Sabato scorso, dopo le violente mareggiate degli ultimi giorni, è crollato l’antico arco borbonico sul lungomare di Napoli, il cosiddetto “Chiavicone”.
Cronaca di una morte annunciata? No, non è il titolo del noto romanzo di Gabriel Garcìa Marquez, piuttosto, l’epilogo di  quanto, presumibilmente, sarebbe accaduto. Dal 2018, infatti, numerose le segnalazioni sull’imminente pericolo e solo dal 2019 la questione viene affrontata in un rimpallo di responsabilità. Comune, Soprintendenza, Autorità di Sistema Portuale del Mar Tirreno Centrale: lunghe riunioni per decidere il da farsi e solo lo scorso giugno un’ipotesi di restauro da parte dell’AdSP, di cui si dovranno ancora appurare le responsabilità.
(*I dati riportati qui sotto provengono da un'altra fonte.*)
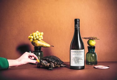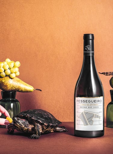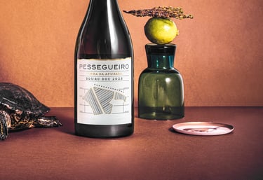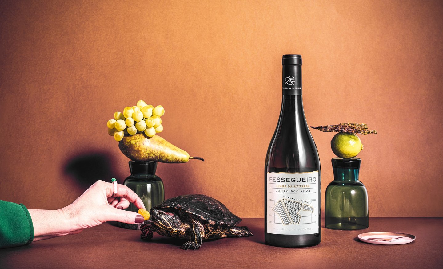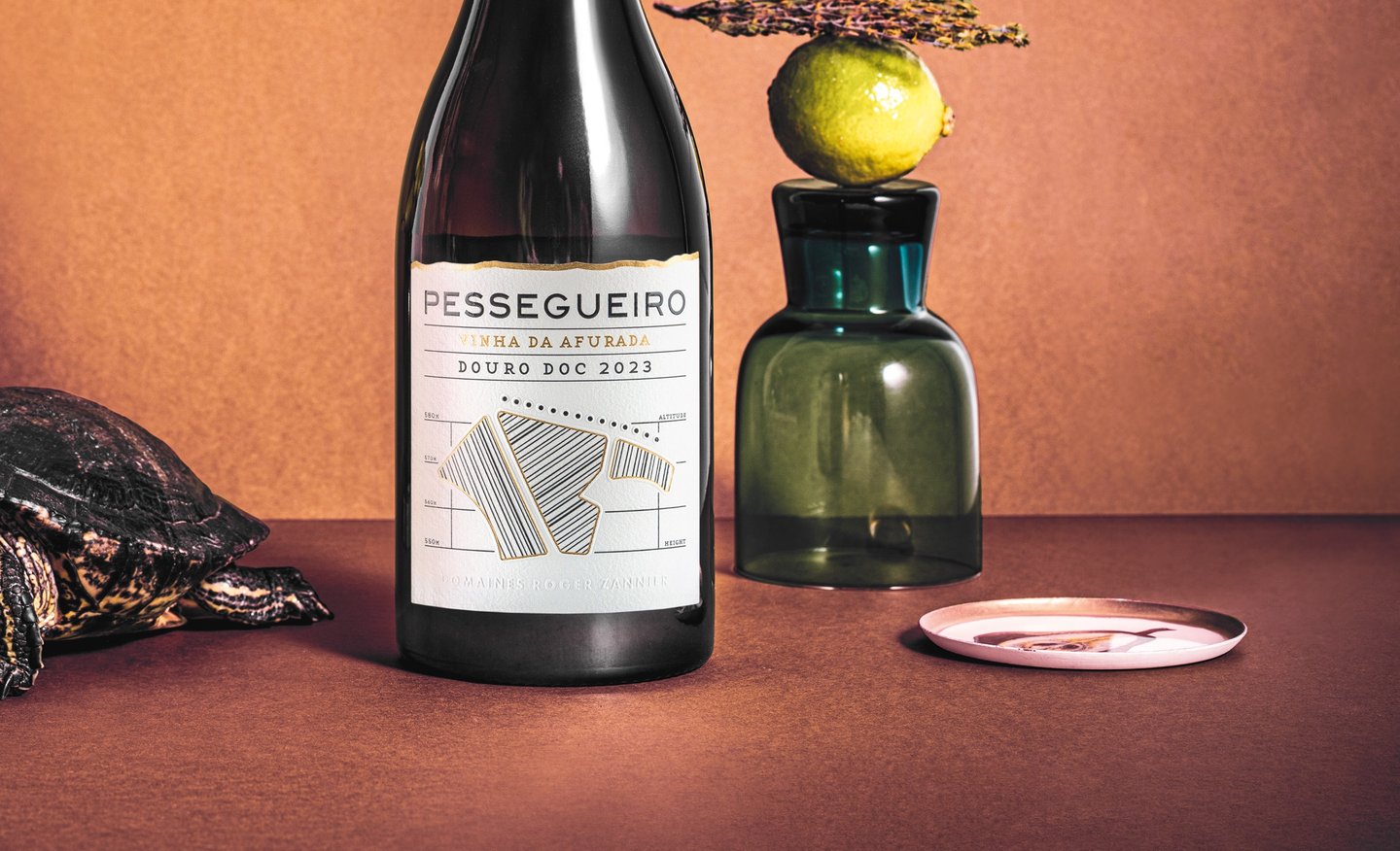 A síntese e transformação de elementos orgânicos complexos em formas simples, mas delicadas, estão no centro do design do rótulo do vinho Pessegueiro Vinha da Afurada. Inspirado na própria vinha, situada entre os 550 e os 580 metros de altitude, o rótulo traduz graficamente a geografia da propriedade numa linguagem a duas dimensões. O alinhamento das videiras é representado por linhas diagonais, enquanto as formas reais derivam de imagens aéreas. Círculos dispersos evocam as oliveiras que envolvem a vinha, criando uma ligação visual com a paisagem. Mais do que um elemento de embalagem, este rótulo é uma expressão da beleza e da complexidade natural que envolve a vinha. Um convite subtil a descobrir, em cada gole, a essência do lugar.

Ma, ovviamente, siamo in Italia e le lungaggini burocratiche, accompagnate da una disarmante superficialità, la fanno da padrone. Che dire, nell’inutilità di piangere su quanto ormai accaduto, c’è una riflessione che andrebbe fatta: le povere pietre agonizzanti, rimaste lì come in un puzzle da ricostruire, gridano vendetta e sono ancora in attesa di essere messe in sicurezza per la ricostruzione (che chissà quando avverrà)!

Ma come sostenuto in un’intervista dal Presidente dell’AdSP, Pietro Spirito: “quei pezzi… non andranno via da soli, ci sarà tempo e modo per provvedere al recupero del materiale con le modalità più opportune”. Tempo e modalità, ecco i nostri nemici. Il tempo ci ha dato torto, perché troppo tempo è stato fatto trascorrere dai primi segnali di allarme ed ancora oggi si prende tempo per rimuovere i massi restanti del defunto arco; e le modalità sino ad oggi utilizzate per la risoluzione del problema appaiono discutibili. Gli eventi metereologici che da settimane, se non ormai da anni, stanno flagellando la nostra città, il nostro Paese se non l’intero pianeta, devono farci riflettere sulla necessità di affrontare tali situazioni non soltanto tempestivamente, quanto piuttosto mettendo in campo competenze specialistiche. Occorrono veri e propri esperti meteomarini e strutturisti in grado se non di prevedere (certo la meteorologia è un settore assai arduo e non di Cassandra derivazione) quanto meno di ipotizzare eventi tanto catastrofici e le loro possibili conseguenze. E non può che constatarsi, tristemente, che in questi ultimi anni abbiamo assistito a tante collaborazioni tra le istituzioni citate prima e le Università, che a quanto pare non hanno portato i loro frutti. Questo il vero problema. Se le questioni venissero affrontate sfruttando sinergicamente le competenze e gli studi, anziché sprecare tali energie per accusarsi a vicenda, si potrebbe non soltanto salvare il nostro patrimonio storico – artistico, ma, impresa ardua, anche quello umano!!